• Work request:
Print the records below exactly. Omit every picture.

--- Dataset Enclosed Below ---

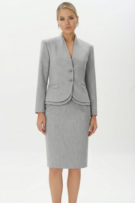 Светло-серый костюм с юбкой URS - это универсальное решение для женщин, которые ценят сдержанную элегантность и уверенность в деталях. Такой образ остаётся актуальным вне времени и трендов, органично вписываясь в деловой гардероб. Женский костюм с юбкой миди подчёркивает профессиональный статус и аккуратный вкус, оставаясь комфортным для активного рабочего дня. Этот классический юбочный костюм создаёт ровно то впечатление, которое требуется в офисе, на переговорах или официальных мероприятиях: собранность, стиль и уверенность.
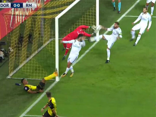Thủ quân của Real thừa nhận tình huống bóng chạm tay trong vòng cấm khi tham gia cản phá một pha tấn công của Dortmund.
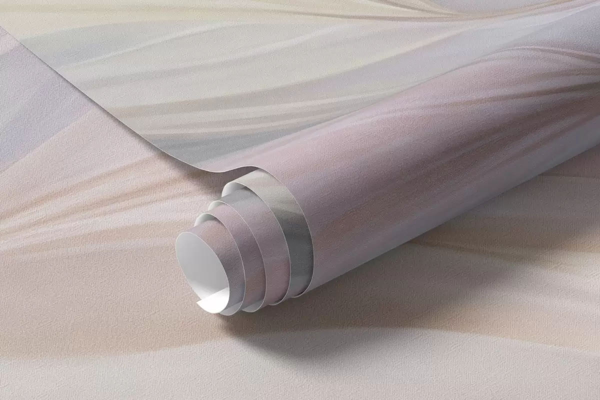 Papel tapiz Hojas suaves en tonos pastel y plumas en tonos rosa, azul y amarillo, estampado abstracto y con textura. Nr. w09634
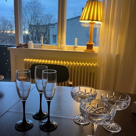 Fem stilige champagneglass av ukjent merke selges samlet for 100,- Gulldekor er noe slitt av, noe som gir et «crabby chic» preg, men glassene er for øvrig i topp stand.
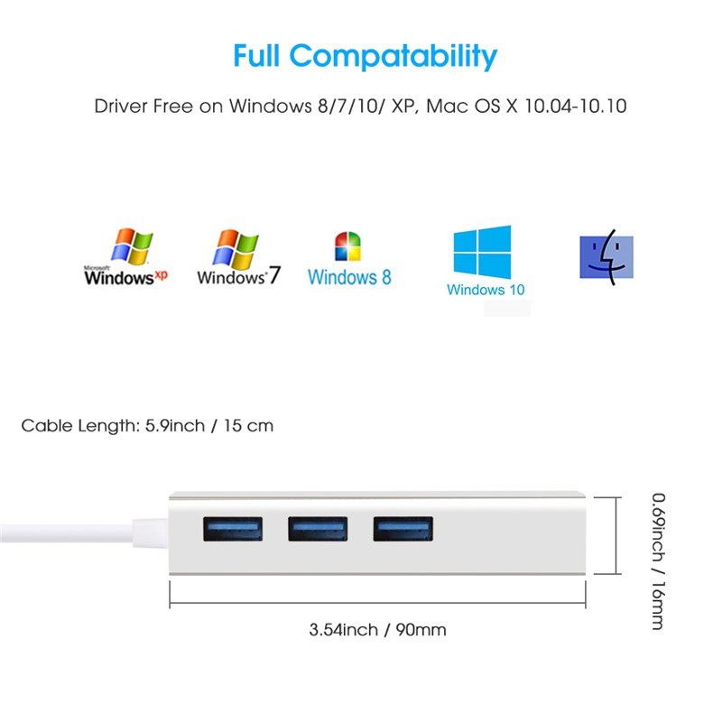 Type-c USB Ethernet Adapter 3 Ports USB 3.0 Hub USB to Rj45 Lan Network Card for Macbook pro Mac
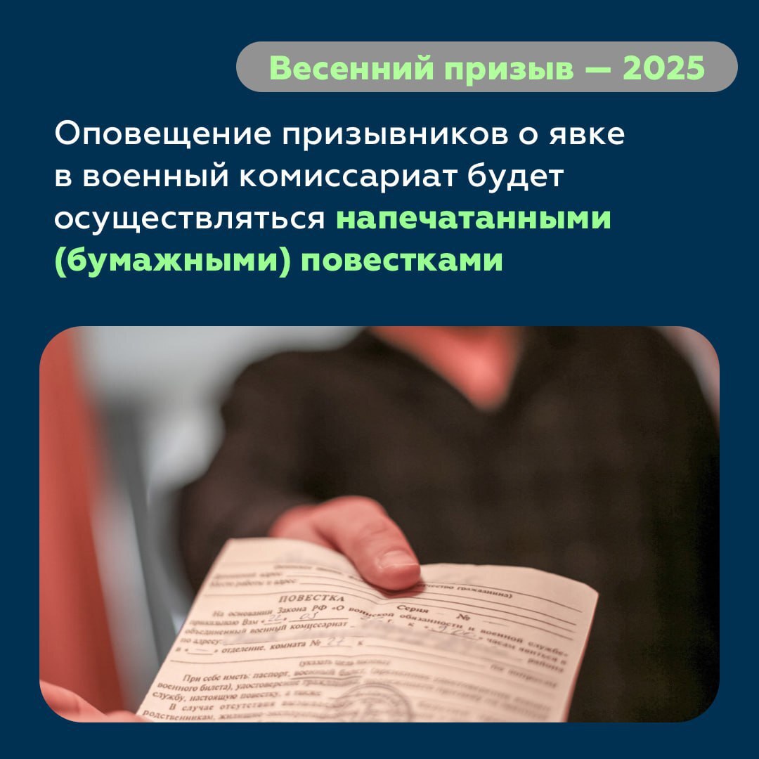 Главная » 2025 Апрель 3 » Весенний призыв-2025 стартовал Весенний призыв-2025 стартовал Весенний призыв-2025 стартовал.В строй встанут около 160 тысяч молодых людей по всей России! Об особенностях призыва этой весны, расскажем в карточках. ![]()
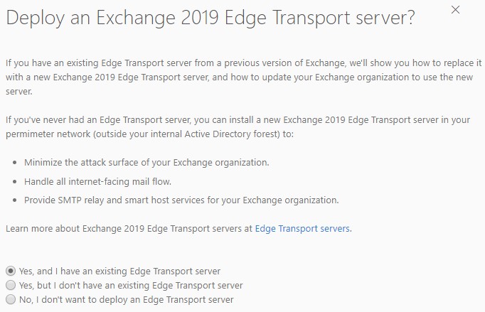 边缘服务器用于使您的Exchange服务器可以从外部直接使用Outlook访问,并为邮件服务器添加另一层保护。如果您有现有的边缘传输服务器,将指导您如何迁移到边缘服务器2019。如果你不想设置这个,你的服务器将不会暴露在互联网上。你可以点击“是”来安装一个新的服务器,即使你没有。
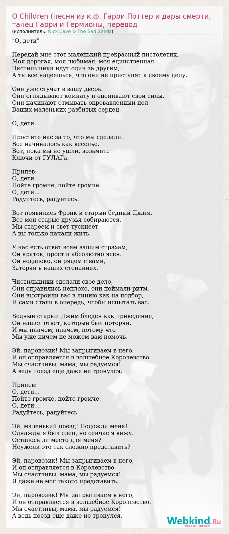 Главная→Исполнители→Nick Cave & The Bad Seeds→O Children (песня из к.ф. Гарри Поттер и дары смерти, танец Гарри и Ге
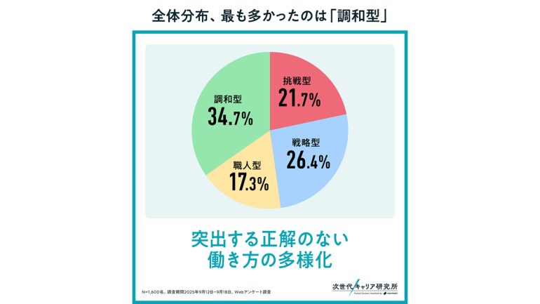 一方で、挑戦型や戦略型も一定数存在しており、同じZ世代の中でも働き方の基準が大きく異なる状況が可視化された。
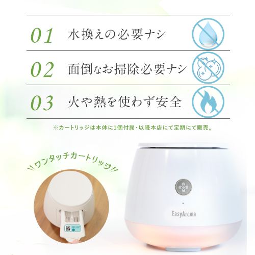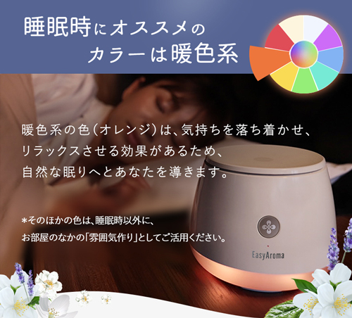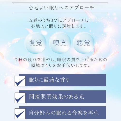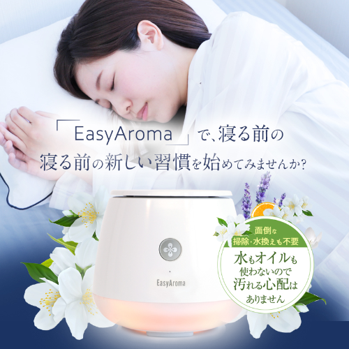 「嗅覚」 「視覚」「聴覚」の3つにアプローチし心地よい眠りに誘導。水もオイルも使わないから汚れない!新感覚アロマディフューザー
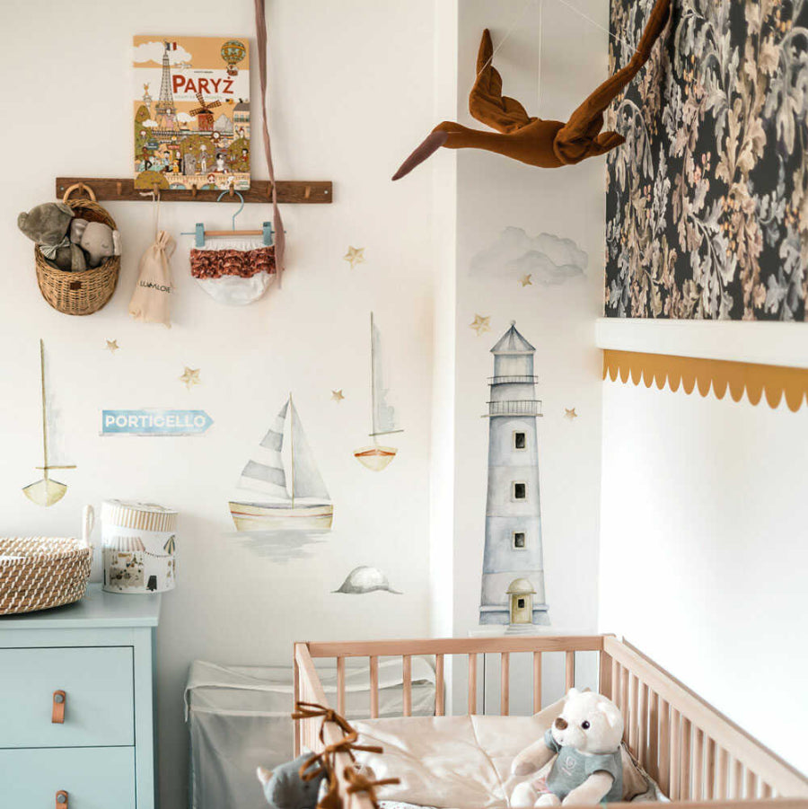 Als wir es auf unsere Website stellten, waren wir sicher, dass es eine typische Jungenzimmerdekoration sein würde. Wie sich herausstellte, lieben es auch Mädchen. Besonders mit einem Satz goldener Sterne, die wir darauf abgestimmt haben. Dieses Set reicht aus, um eine schöne Babyecke und eine Wand über der Wiege zu dekorieren.
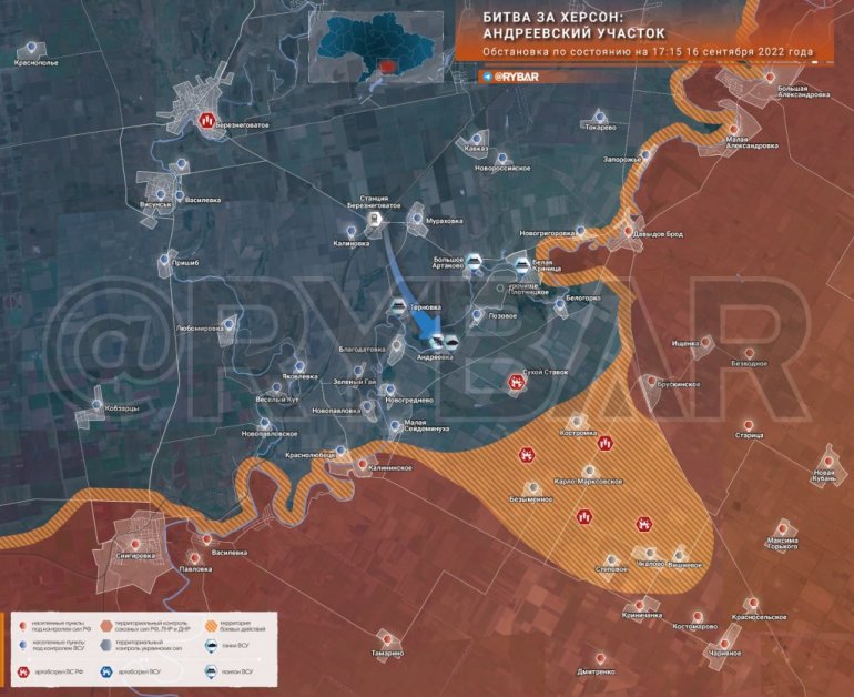 Ukrajinska komanda je u drugoj polovini 15. septembra organizovala popunu municije u rejonu Belogorke. A u blizini Andrejevke raspoređena su dva tenka, kao i proračun ATGM Stugna.
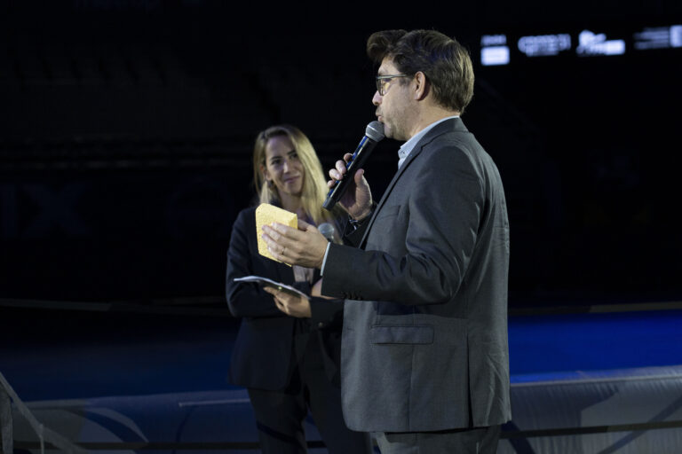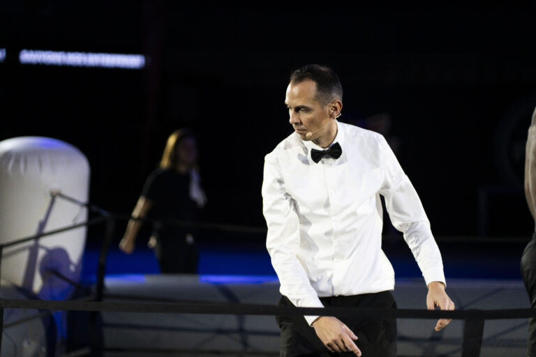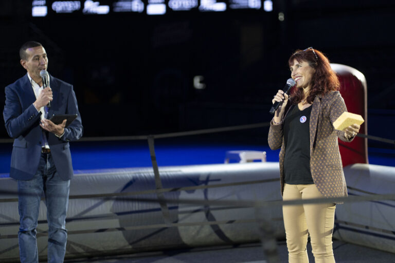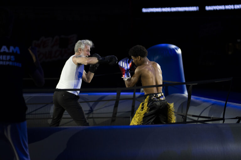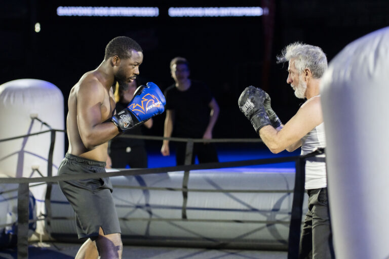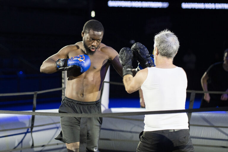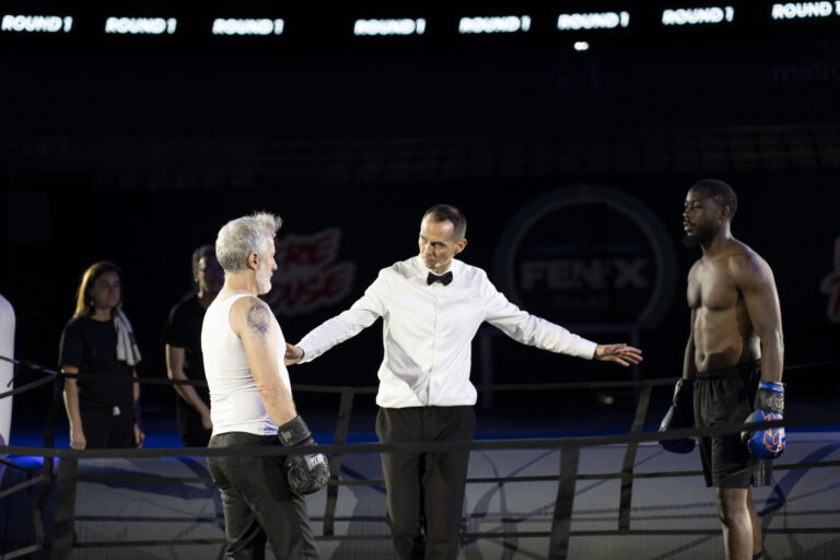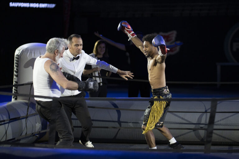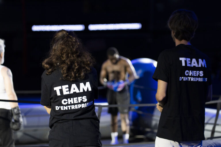 Pour incarner le combat du chef d’entreprise et les difficultés auxquelles il doit constamment faire face (hausse des cotisations sociales, suppression d’un crédit d’impôt essentiel, taxation du patrimoine et des dividendes, durcissement du cautionnement personnel, hausse de la TVA, etc…): nous avons choisi de mettre en place un véritable combat de boxe.
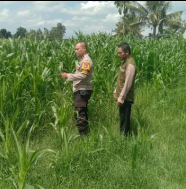 Selain bersilaturahmi, Aipda I Gede Agus Widiane juga melakukan pengecekan tanaman jagung milik Kelompok Baru Mekar yang memiliki luas areal sekitar 10 are. Pengecekan ini dilakukan sebagai bentuk monitoring ketahanan pangan yang saat ini sedang digalakkan oleh pemerintah dan Polri.
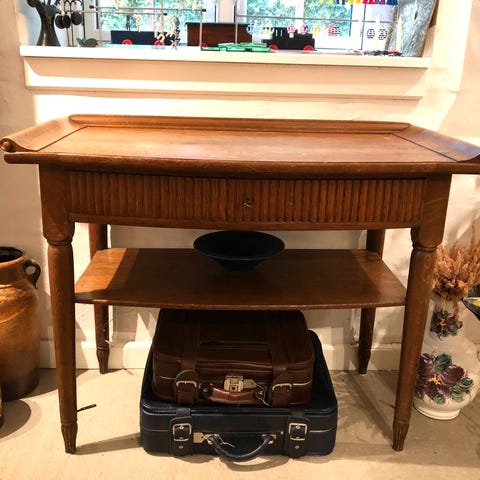 Et tidligere væveapparat til tæppevævning omdannet til et elegant klapbord, der også kan bruges som entrékonsol eller som bar-møbel.
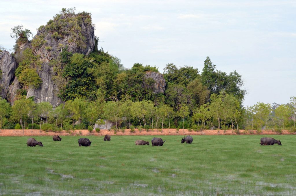 Le suole furono attaccate in qualche modo con dello spago e proseguimmo il nostro viaggio fino quasi al confine con il Vietnam, dove il traffico di merci trasportate in modo pericoloso superava ogni limite. Poi, attraverso immense risaie popolate dalle onnipresenti bufale e sfiorando qualche pagoda, tutte nuove e prive di vero fascino al di là dei colori e delle forme, ci dirigemmo all’interno alla ricerca di un sito di arrampicata di cui avevo saputo su internet. Non per scalare (non avevamo portato alcun tipo di equipaggiamento) ma per vedere almeno che cosa poteva essere l’attrezzatura. Non che ci interessasse molto, tanto è vero che alla fine tralasciammo le ricerche, rinunciando davanti a un risalto che si affondava in uno stagno e preferimmo tornare sulla costa e a Kep.
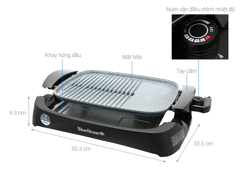 Bếp nướng điện BlueStone EGB-7417 công suất 2000W với 5 mức điều chỉnh nhiệt bằng núm xoay , mặt bếp nướng bằng hợp kim nhôm chống dính tốt, có tay cầm chống nóng tiện di chuyển khi dùng.
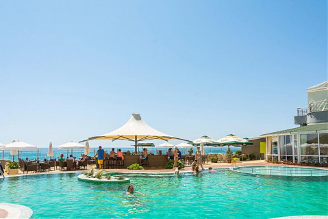 У південній частині міста Несебр, недалеко від старого міста, на березі моря. 130 номер.
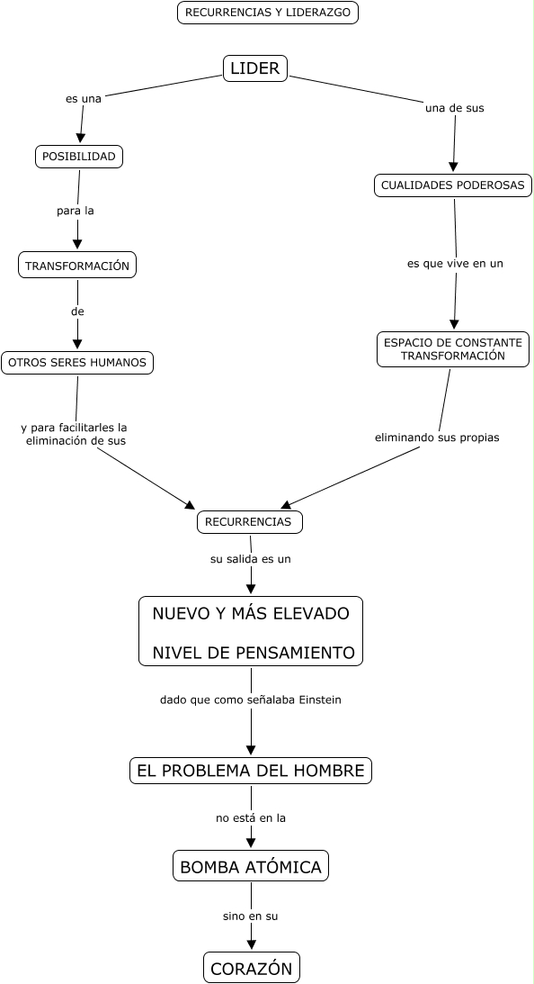 Este Cmap, tiene información relacionada con: Recurrencia y liderazgo, ESPACIO DE CONSTANTE TRANSFORMACIÓN eliminando sus propias RECURRENCIAS, NUEVO Y MÁS ELEVADO NIVEL DE PENSAMIENTO dado que como señalaba Einstein EL PROBLEMA DEL HOMBRE, POSIBILIDAD para la TRANSFORMACIÓN, LIDER una de sus CUALIDADES PODEROSAS, OTROS SERES HUMANOS y para facilitarles la eliminación de sus RECURRENCIAS, BOMBA ATÓMICA sino en su CORAZÓN, CUALIDADES PODEROSAS es que vive en un ESPACIO DE CONSTANTE TRANSFORMACIÓN, TRANSFORMACIÓN de OTROS SERES HUMANOS, EL PROBLEMA DEL HOMBRE no está en la BOMBA ATÓMICA, RECURRENCIAS su salida es un NUEVO Y MÁS ELEVADO NIVEL DE PENSAMIENTO, LIDER es una POSIBILIDAD

--- End of Enclosed Dataset ---

• Solution to the exercise:
 Светло-серый костюм с юбкой URS - это универсальное решение для женщин, которые ценят сдержанную элегантность и уверенность в деталях. Такой образ остаётся актуальным вне времени и трендов, органично вписываясь в деловой гардероб. Женский костюм с юбкой миди подчёркивает профессиональный статус и аккуратный вкус, оставаясь комфортным для активного рабочего дня. Этот классический юбочный костюм создаёт ровно то впечатление, которое требуется в офисе, на переговорах или официальных мероприятиях: собранность, стиль и уверенность.
Thủ quân của Real thừa nhận tình huống bóng chạm tay trong vòng cấm khi tham gia cản phá một pha tấn công của Dortmund.
 Papel tapiz Hojas suaves en tonos pastel y plumas en tonos rosa, azul y amarillo, estampado abstracto y con textura. Nr. w09634
 Fem stilige champagneglass av ukjent merke selges samlet for 100,- Gulldekor er noe slitt av, noe som gir et «crabby chic» preg, men glassene er for øvrig i topp stand.
 Type-c USB Ethernet Adapter 3 Ports USB 3.0 Hub USB to Rj45 Lan Network Card for Macbook pro Mac
 Главная » 2025 Апрель 3 » Весенний призыв-2025 стартовал Весенний призыв-2025 стартовал Весенний призыв-2025 стартовал.В строй встанут около 160 тысяч молодых людей по всей России! Об особенностях призыва этой весны, расскажем в карточках. ![]()
 边缘服务器用于使您的Exchange服务器可以从外部直接使用Outlook访问,并为邮件服务器添加另一层保护。如果您有现有的边缘传输服务器,将指导您如何迁移到边缘服务器2019。如果你不想设置这个,你的服务器将不会暴露在互联网上。你可以点击“是”来安装一个新的服务器,即使你没有。
 Главная→Исполнители→Nick Cave & The Bad Seeds→O Children (песня из к.ф. Гарри Поттер и дары смерти, танец Гарри и Ге
 一方で、挑戦型や戦略型も一定数存在しており、同じZ世代の中でも働き方の基準が大きく異なる状況が可視化された。
 「嗅覚」 「視覚」「聴覚」の3つにアプローチし心地よい眠りに誘導。水もオイルも使わないから汚れない!新感覚アロマディフューザー
 Als wir es auf unsere Website stellten, waren wir sicher, dass es eine typische Jungenzimmerdekoration sein würde. Wie sich herausstellte, lieben es auch Mädchen. Besonders mit einem Satz goldener Sterne, die wir darauf abgestimmt haben. Dieses Set reicht aus, um eine schöne Babyecke und eine Wand über der Wiege zu dekorieren.
 Ukrajinska komanda je u drugoj polovini 15. septembra organizovala popunu municije u rejonu Belogorke. A u blizini Andrejevke raspoređena su dva tenka, kao i proračun ATGM Stugna.
 Pour incarner le combat du chef d’entreprise et les difficultés auxquelles il doit constamment faire face (hausse des cotisations sociales, suppression d’un crédit d’impôt essentiel, taxation du patrimoine et des dividendes, durcissement du cautionnement personnel, hausse de la TVA, etc…): nous avons choisi de mettre en place un véritable combat de boxe.
 Selain bersilaturahmi, Aipda I Gede Agus Widiane juga melakukan pengecekan tanaman jagung milik Kelompok Baru Mekar yang memiliki luas areal sekitar 10 are. Pengecekan ini dilakukan sebagai bentuk monitoring ketahanan pangan yang saat ini sedang digalakkan oleh pemerintah dan Polri.
 Et tidligere væveapparat til tæppevævning omdannet til et elegant klapbord, der også kan bruges som entrékonsol eller som bar-møbel.
 Le suole furono attaccate in qualche modo con dello spago e proseguimmo il nostro viaggio fino quasi al confine con il Vietnam, dove il traffico di merci trasportate in modo pericoloso superava ogni limite. Poi, attraverso immense risaie popolate dalle onnipresenti bufale e sfiorando qualche pagoda, tutte nuove e prive di vero fascino al di là dei colori e delle forme, ci dirigemmo all’interno alla ricerca di un sito di arrampicata di cui avevo saputo su internet. Non per scalare (non avevamo portato alcun tipo di equipaggiamento) ma per vedere almeno che cosa poteva essere l’attrezzatura. Non che ci interessasse molto, tanto è vero che alla fine tralasciammo le ricerche, rinunciando davanti a un risalto che si affondava in uno stagno e preferimmo tornare sulla costa e a Kep.
 Bếp nướng điện BlueStone EGB-7417 công suất 2000W với 5 mức điều chỉnh nhiệt bằng núm xoay , mặt bếp nướng bằng hợp kim nhôm chống dính tốt, có tay cầm chống nóng tiện di chuyển khi dùng.
 У південній частині міста Несебр, недалеко від старого міста, на березі моря. 130 номер.
 Este Cmap, tiene información relacionada con: Recurrencia y liderazgo, ESPACIO DE CONSTANTE TRANSFORMACIÓN eliminando sus propias RECURRENCIAS, NUEVO Y MÁS ELEVADO NIVEL DE PENSAMIENTO dado que como señalaba Einstein EL PROBLEMA DEL HOMBRE, POSIBILIDAD para la TRANSFORMACIÓN, LIDER una de sus CUALIDADES PODEROSAS, OTROS SERES HUMANOS y para facilitarles la eliminación de sus RECURRENCIAS, BOMBA ATÓMICA sino en su CORAZÓN, CUALIDADES PODEROSAS es que vive en un ESPACIO DE CONSTANTE TRANSFORMACIÓN, TRANSFORMACIÓN de OTROS SERES HUMANOS, EL PROBLEMA DEL HOMBRE no está en la BOMBA ATÓMICA, RECURRENCIAS su salida es un NUEVO Y MÁS ELEVADO NIVEL DE PENSAMIENTO, LIDER es una POSIBILIDAD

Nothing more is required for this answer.